### Task requirements
Return exactly, with nothing added, the lines from the one that contains "和半生ミックスシリーズに新商" through the end of the listing below, pictures excluded.

### Provided data
--- START ---
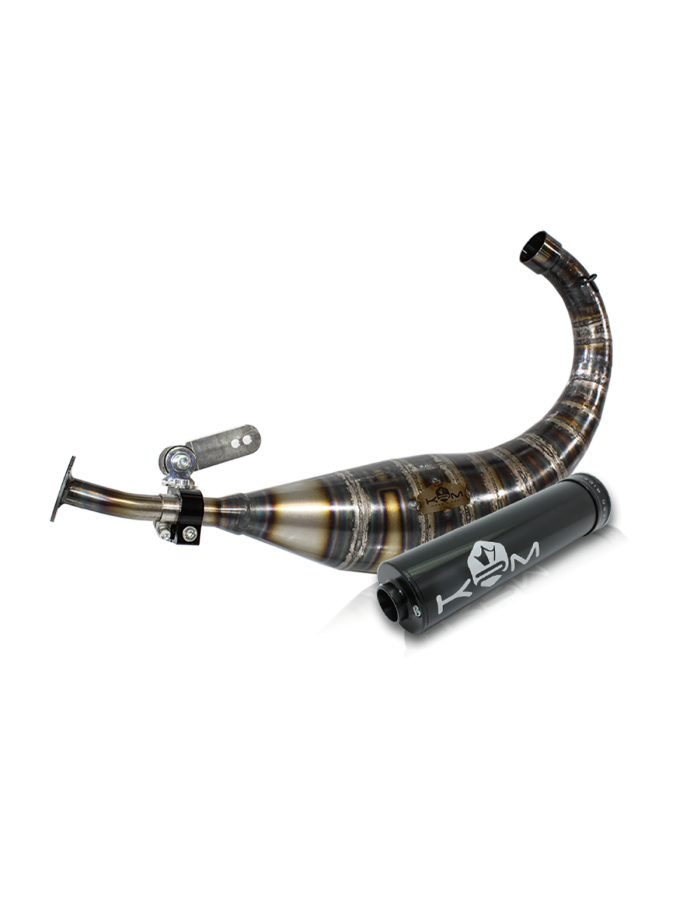 Le pot d'échappement KRM 90-100cc pour moteur Derbi est constitué de 15 pièces en tôle d'acier d'épaisseur 0.8 mm. Sa technique de fabrication est entièrement manuelle, chacune des pièces sont roulées puis soudées bord à bord au chalumeau avant d'être façonnées manuellement au marteau dans les ateliers KRM. Le pot KRM 90-100cc est très puissants et prévu pour de grosses configurations type 90/100cc 2fast ou 96cc Bidalot. Il est destiné à une utilisation en compétition run ou piste uniquement. Il est l’aboutissement de mois de travail au banc d’essais afin offrir la meilleure des performances.
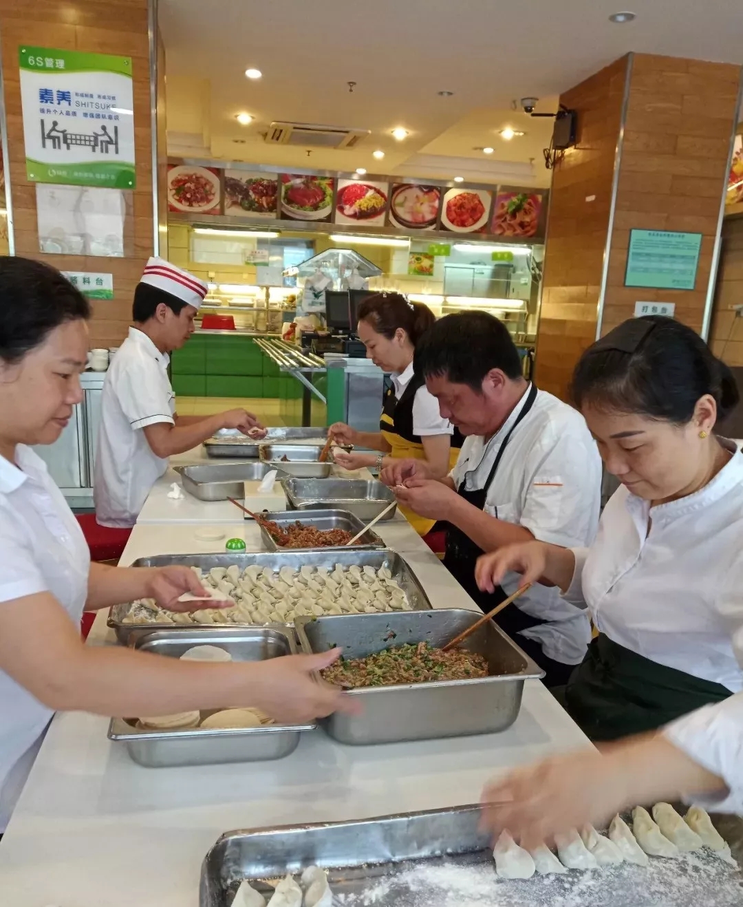 ▲臺風登陸期間,中廣核服綠源餐飲積極儲備餃子等防抗臺風應急食品,并運送至各應急點以保障用餐。僅東部分公司各餐廳,就加班加點完成臺風應急食品制作及儲備(按750人標準準備),其中烤蛋糕4500塊,面包2150個,礦泉水1500瓶,牛奶1200支,火腿腸2000根,榨菜1500包,有力地保障了臺風期間核電人的餐飲需求。
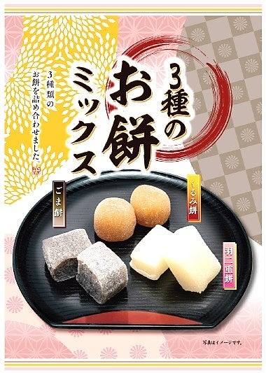 和半生ミックスシリーズに新商品が登場!くるみ餅、羽二重餅、ごま餅が一度に楽しめる「3種のお餅ミックス」を2024年9月2日(月)より発売いたします。
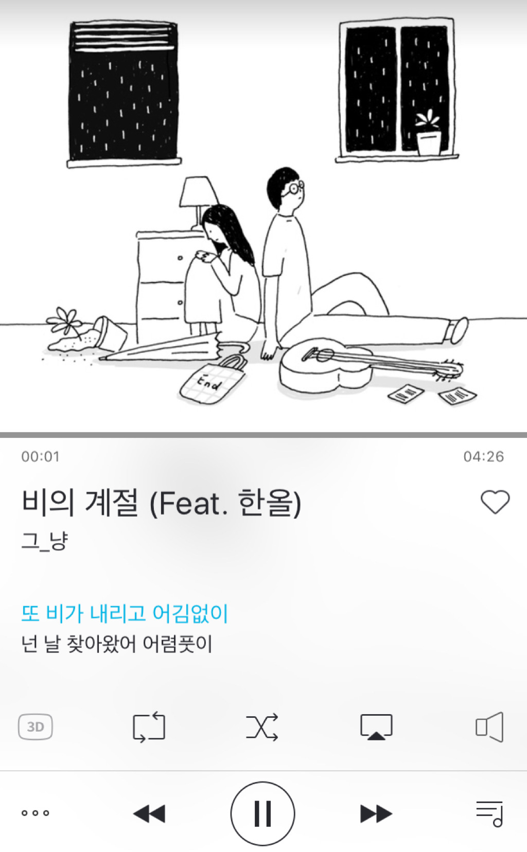 그냥노래는 다들 한번씩 들어봤지? 이 노래도 좀 유명한 것 같아서 안넣으려고 했는데 너무 좋은 노래라서 더 많이 알았으면 좋겠어서 넣었어! 비가 올때면 니가 떠올라서 너무 그리워서 비가 그치고 여름이 가도 너는 못보낼거같다 라는 내용을 담고있어! 남녀듀엣 노래라서 더 좋고 잔잔하기도 해서 새벽에 듣기 좋은 것 같아
--- END ---
### Solution below
 和半生ミックスシリーズに新商品が登場!くるみ餅、羽二重餅、ごま餅が一度に楽しめる「3種のお餅ミックス」を2024年9月2日(月)より発売いたします。
 그냥노래는 다들 한번씩 들어봤지? 이 노래도 좀 유명한 것 같아서 안넣으려고 했는데 너무 좋은 노래라서 더 많이 알았으면 좋겠어서 넣었어! 비가 올때면 니가 떠올라서 너무 그리워서 비가 그치고 여름이 가도 너는 못보낼거같다 라는 내용을 담고있어! 남녀듀엣 노래라서 더 좋고 잔잔하기도 해서 새벽에 듣기 좋은 것 같아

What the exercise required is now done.